Work instructions:
From the listing below, reproduce exactly the lines starting with the one with "一、招聘原则 (一)坚持面向社会、公开招聘。 (二)坚持考试考察、择优聘用。" and going on through the one with "V modulu HELPDESK", both ends kept. No picture is copied.

Supplied data:
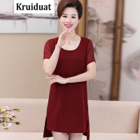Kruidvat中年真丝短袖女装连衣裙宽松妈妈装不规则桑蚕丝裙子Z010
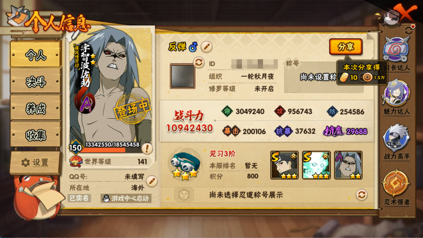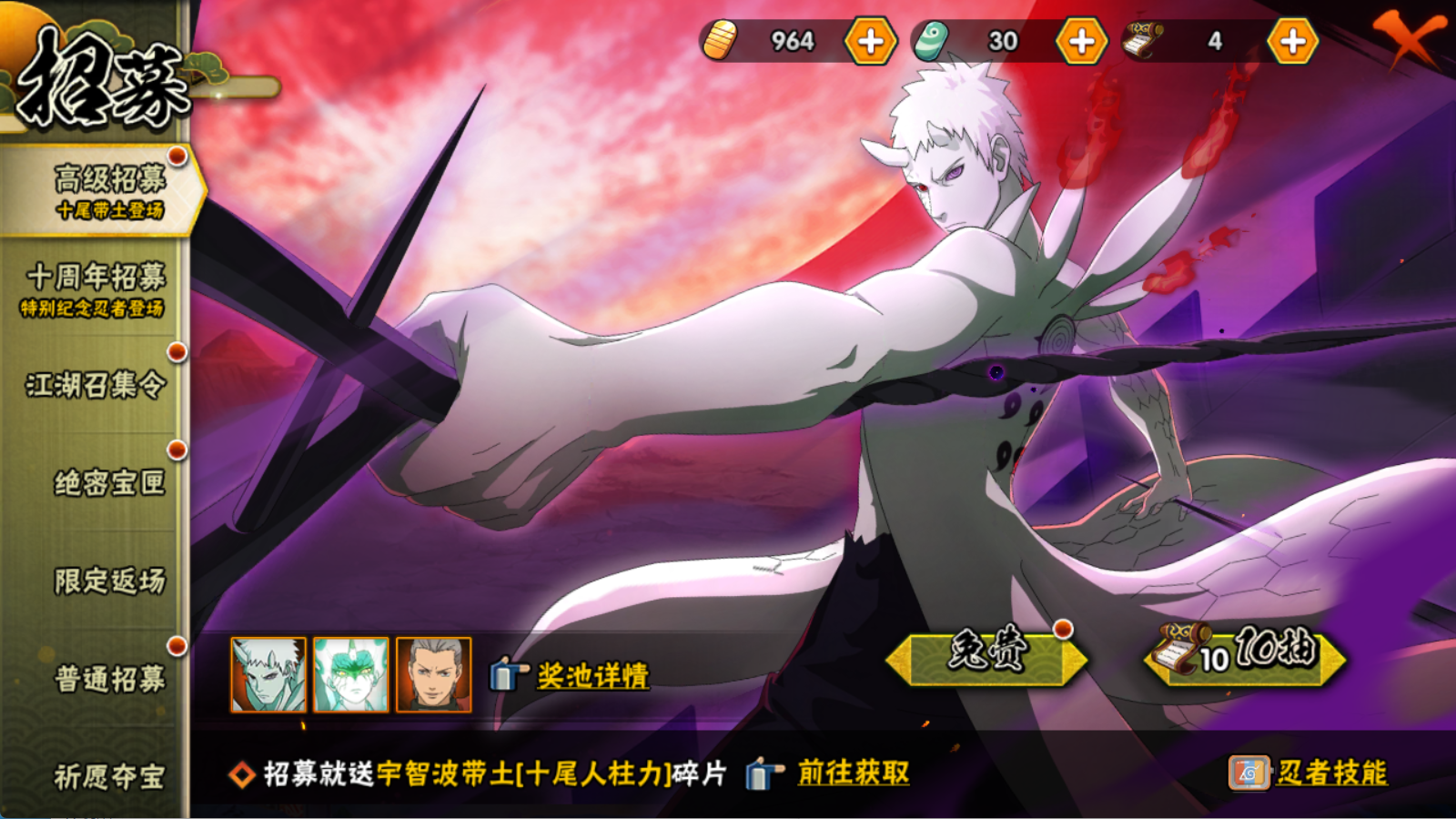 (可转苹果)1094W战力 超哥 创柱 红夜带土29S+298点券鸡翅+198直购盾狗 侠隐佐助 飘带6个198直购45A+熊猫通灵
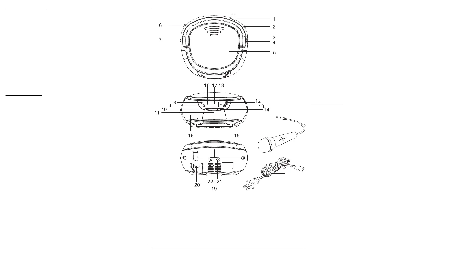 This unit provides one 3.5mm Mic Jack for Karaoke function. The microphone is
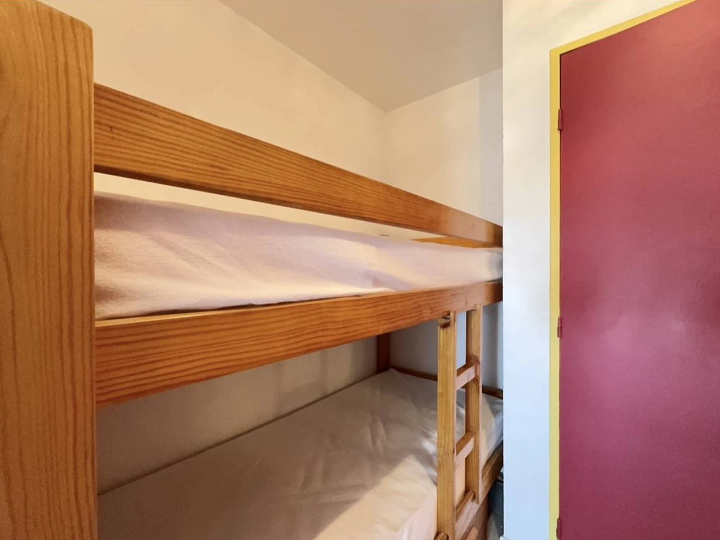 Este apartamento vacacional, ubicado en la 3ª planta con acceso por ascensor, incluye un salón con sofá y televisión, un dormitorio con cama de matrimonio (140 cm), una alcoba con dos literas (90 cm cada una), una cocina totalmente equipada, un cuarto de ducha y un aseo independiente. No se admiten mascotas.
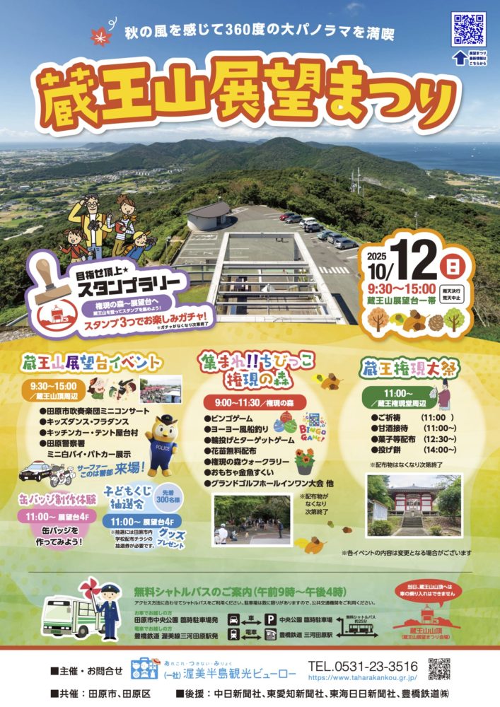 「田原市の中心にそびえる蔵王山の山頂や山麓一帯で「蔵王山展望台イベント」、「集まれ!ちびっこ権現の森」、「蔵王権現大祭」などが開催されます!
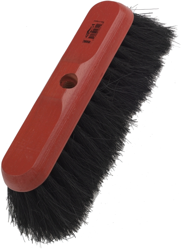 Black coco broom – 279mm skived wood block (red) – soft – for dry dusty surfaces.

---

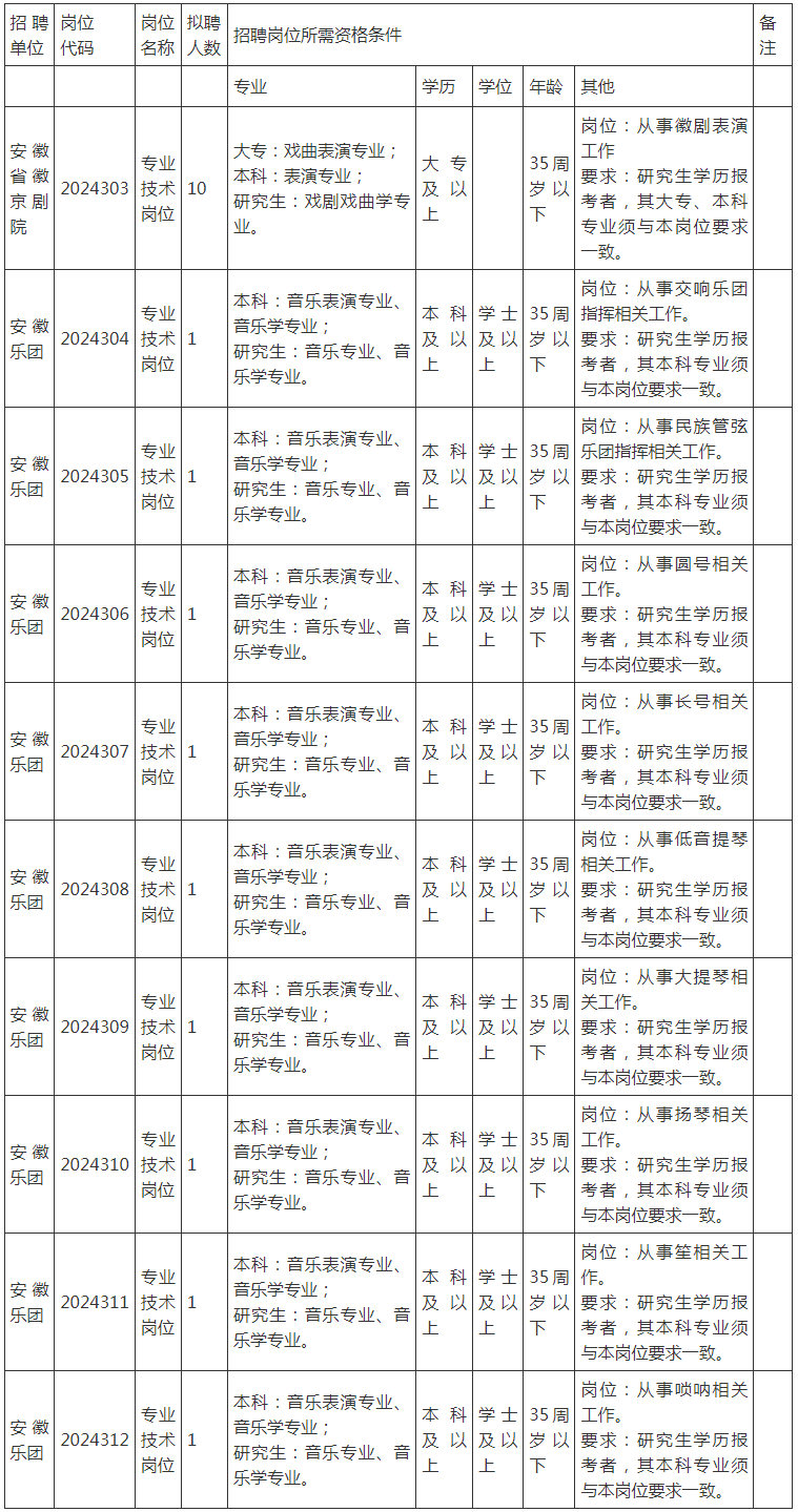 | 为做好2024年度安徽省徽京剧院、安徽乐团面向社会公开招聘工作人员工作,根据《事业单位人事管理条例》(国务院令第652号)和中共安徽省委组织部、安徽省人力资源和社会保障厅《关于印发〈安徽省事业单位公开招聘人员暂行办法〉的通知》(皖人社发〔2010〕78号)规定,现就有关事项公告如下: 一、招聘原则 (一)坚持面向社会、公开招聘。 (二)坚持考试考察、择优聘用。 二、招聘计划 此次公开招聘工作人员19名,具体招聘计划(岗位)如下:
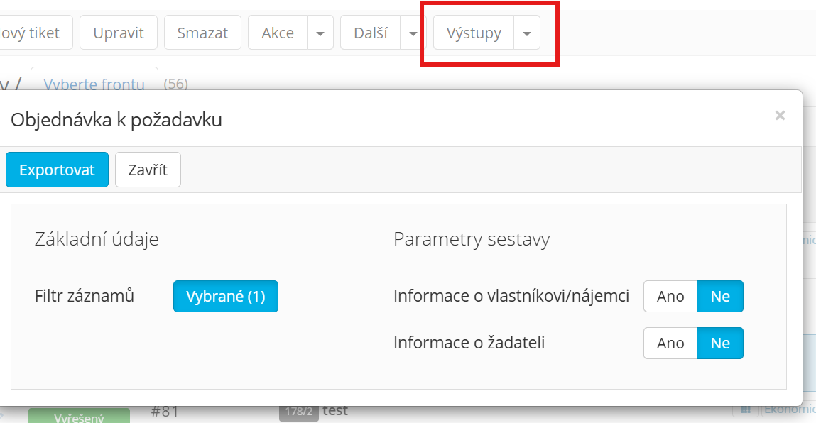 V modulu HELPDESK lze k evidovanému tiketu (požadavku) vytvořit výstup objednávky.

* * *

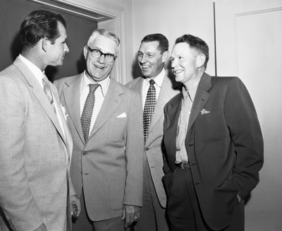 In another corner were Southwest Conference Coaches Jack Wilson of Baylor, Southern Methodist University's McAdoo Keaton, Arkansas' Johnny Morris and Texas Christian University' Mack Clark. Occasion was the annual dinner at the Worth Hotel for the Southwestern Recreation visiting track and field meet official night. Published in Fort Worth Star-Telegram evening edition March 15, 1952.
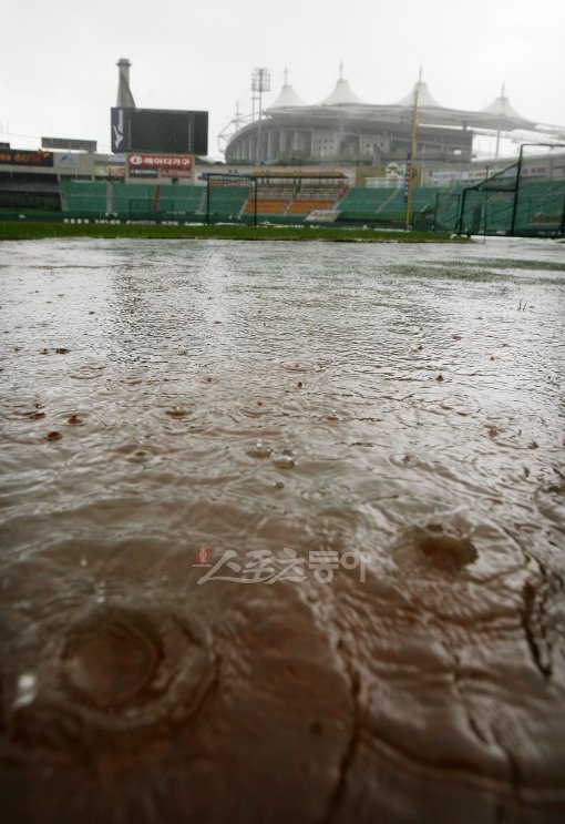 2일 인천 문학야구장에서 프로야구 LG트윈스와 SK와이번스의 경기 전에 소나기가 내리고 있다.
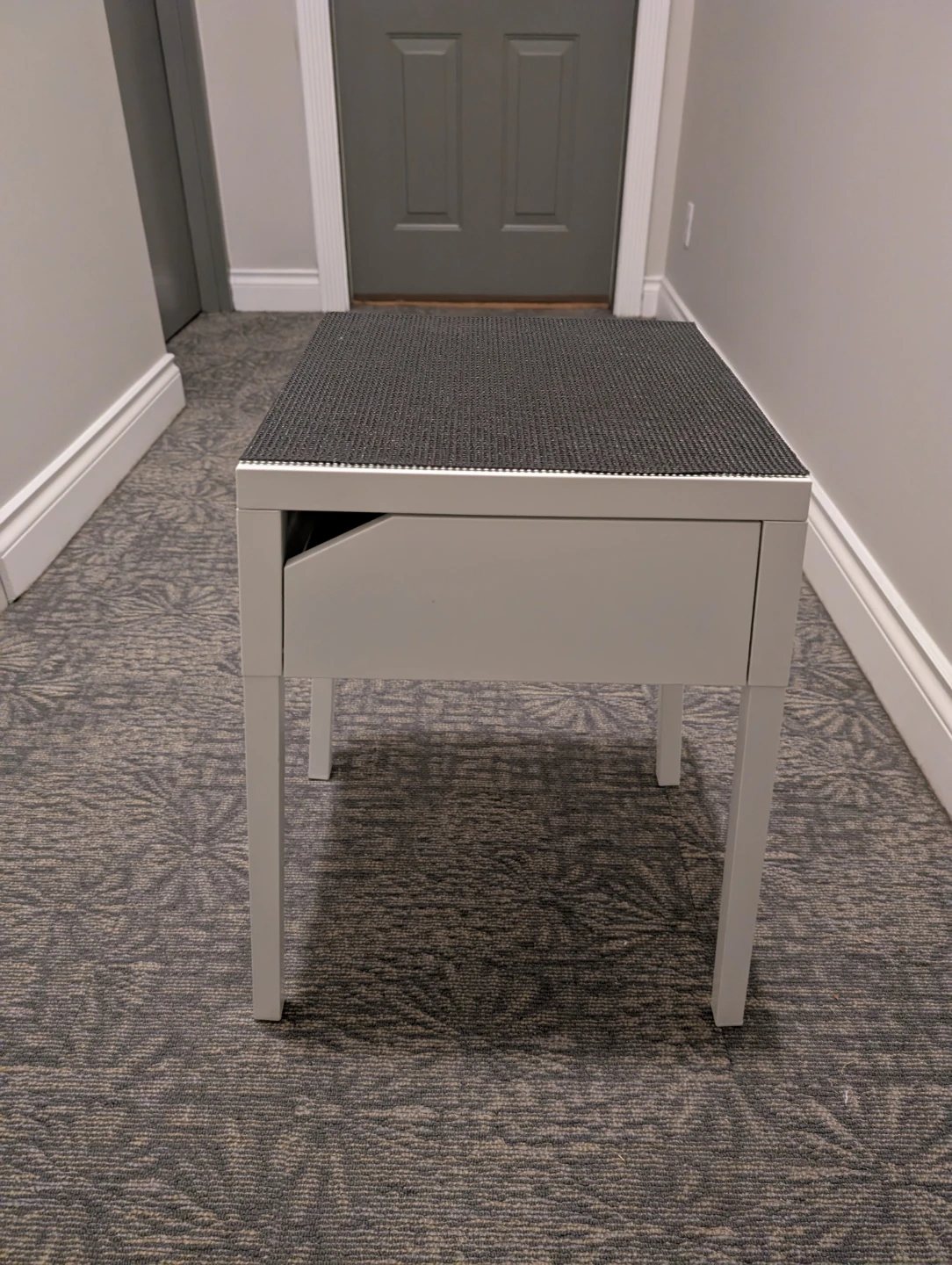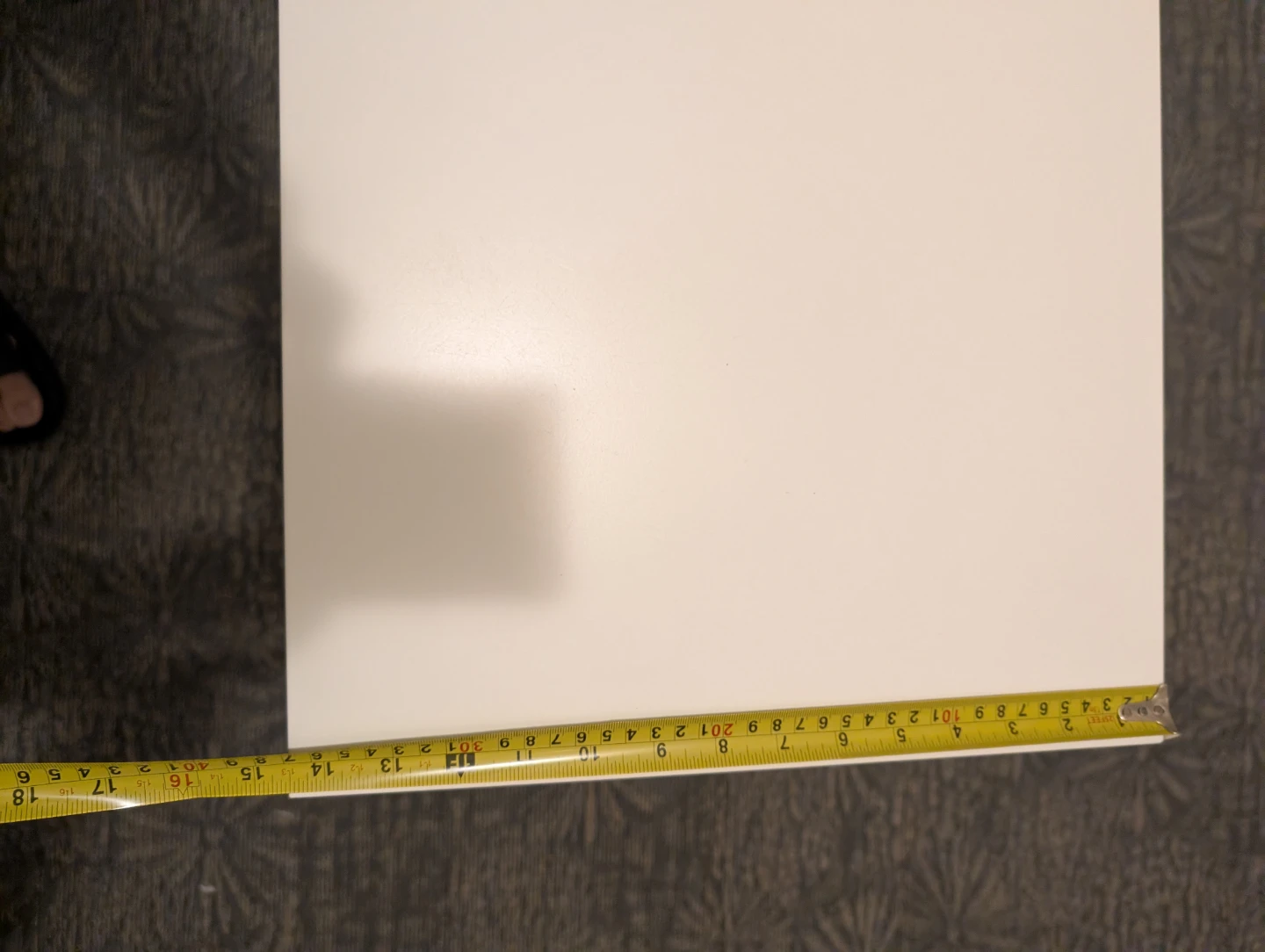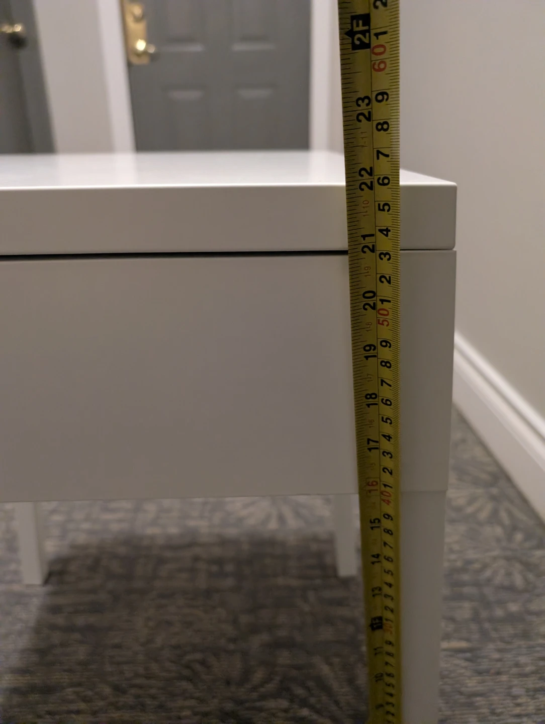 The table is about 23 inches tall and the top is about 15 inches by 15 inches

Finished exercise:
 | 为做好2024年度安徽省徽京剧院、安徽乐团面向社会公开招聘工作人员工作,根据《事业单位人事管理条例》(国务院令第652号)和中共安徽省委组织部、安徽省人力资源和社会保障厅《关于印发〈安徽省事业单位公开招聘人员暂行办法〉的通知》(皖人社发〔2010〕78号)规定,现就有关事项公告如下: 一、招聘原则 (一)坚持面向社会、公开招聘。 (二)坚持考试考察、择优聘用。 二、招聘计划 此次公开招聘工作人员19名,具体招聘计划(岗位)如下:
 V modulu HELPDESK lze k evidovanému tiketu (požadavku) vytvořit výstup objednávky.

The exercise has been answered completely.